I was born very poor in a small mountain village in Langin, Ronda, Cebu. I plowed the corn fields at age seven, I pastured goats, carabaos, and cows even before I wore shorts. I was climbing coconuts to earn twenty centavos for every 100 nuts. I had to walk barefoot two kilometers one way to fetch water from a spring and carry it in bamboo tubes and had to gather firewood in the forests to help my parents feed 18 children. My father loved my mother so much that he fathered so many children with her. When I challenged him for bringing into this world too many children, he told me: "Josephus, when you see a child, don't look at the mouth to be fed. Look at the hands that will help build the nation." My father never gave me tuition money. He left me alone to become a janitor in Southwestern University, as a working student at 12. I struggled to finish high school, without the help of my parents, except to give me food each day. I finished AB in SWU as an academic scholar.

I worked even as I studied Law. The late judge Jesus Narvios of Cebu City, my professor in UV Gullas Law School, helped me get an appointment as court interpreter. I was getting P240 a month in 1970 to 1974 and had to work every 5 p.m. from the city court to UV and had to run because our class started at 5:30 p.m. up to 9:30 p.m. I passed the Bar without having to take a review because I couldn’t afford it. When the results came out, Secretary Blas Ople of DOLE was happy with the ratings I got in Labor Law, I was offered to join DOLE and become a part of young lawyers who were former student activists, who served as legal think tanks. Ople was not a lawyer or even a college graduate. But he was very brilliant and articulate. He always brought me to Switzerland, Australia, and the US when he travelled and I was one of his speechwriters.

When the private sector saw me in the company of Ople, I was later offered a job by Petron. Then San Miguel Corp. invited me to become director for labor relations. I am from UV but my subordinate lawyers were from UP, Ateneo, and my other staff were from La Salle, St. Scholastica, and Assumption. I also recruited two of my students in the UV College of Law; Atty. Mike Carillo from Argao where I was born, and Atty. Amic Llenos-Alfafara from Ronda and Alcantara. Mike became my assistant in SMC and I deployed him to Magnolia.

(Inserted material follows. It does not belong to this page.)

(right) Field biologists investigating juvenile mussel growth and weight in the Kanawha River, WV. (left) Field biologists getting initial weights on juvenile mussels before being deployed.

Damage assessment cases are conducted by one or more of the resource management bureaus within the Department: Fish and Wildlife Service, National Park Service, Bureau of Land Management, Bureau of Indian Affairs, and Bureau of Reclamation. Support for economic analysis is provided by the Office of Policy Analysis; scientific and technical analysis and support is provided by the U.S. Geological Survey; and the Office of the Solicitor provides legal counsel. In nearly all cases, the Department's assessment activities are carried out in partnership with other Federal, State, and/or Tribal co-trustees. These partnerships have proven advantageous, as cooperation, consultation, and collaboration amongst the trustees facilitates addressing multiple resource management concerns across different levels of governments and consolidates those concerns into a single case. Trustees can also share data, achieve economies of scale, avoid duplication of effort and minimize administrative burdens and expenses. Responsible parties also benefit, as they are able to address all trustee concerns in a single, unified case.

We were the lawyers of San Miguel in the turbulent post-EDSA days of union activism. In SMC, I was allowed to travel the world each year with all expenses paid. I visited no less than 39 countries in 12 years. SMC named me board secretary in some joint ventures with Japanese companies, and so, I was flying to and from Japan every other month for board meetings.

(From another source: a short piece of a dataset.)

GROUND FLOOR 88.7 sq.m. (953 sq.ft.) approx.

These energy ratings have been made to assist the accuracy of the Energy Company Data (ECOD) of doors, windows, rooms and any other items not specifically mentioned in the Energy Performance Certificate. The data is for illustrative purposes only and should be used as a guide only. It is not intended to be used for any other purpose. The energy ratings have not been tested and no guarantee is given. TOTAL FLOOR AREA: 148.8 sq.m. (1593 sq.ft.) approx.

And so, I transformed my life from a barefoot boy plowing fields and pasturing goats to a corporate executive. I was appointed DOLE undersecretary after I was named vice president for HR and Legal and Corporate Affairs of Pepsi. I sent all my five children to Ateneo, La Salle, UP, Assumption, and UST. I am happy with the fruits of my struggles. I don’t blame the government for all the hardships. I did it all and did it on my own with the help of the Lord and with many kind people like the Gullases, the Aznars, Judge Jesus Narvios, Blas Ople, SMC, Pepsi, Petron, and DOLE executives. I never blame anyone for my poor beginnings. I worked my way to where I am now.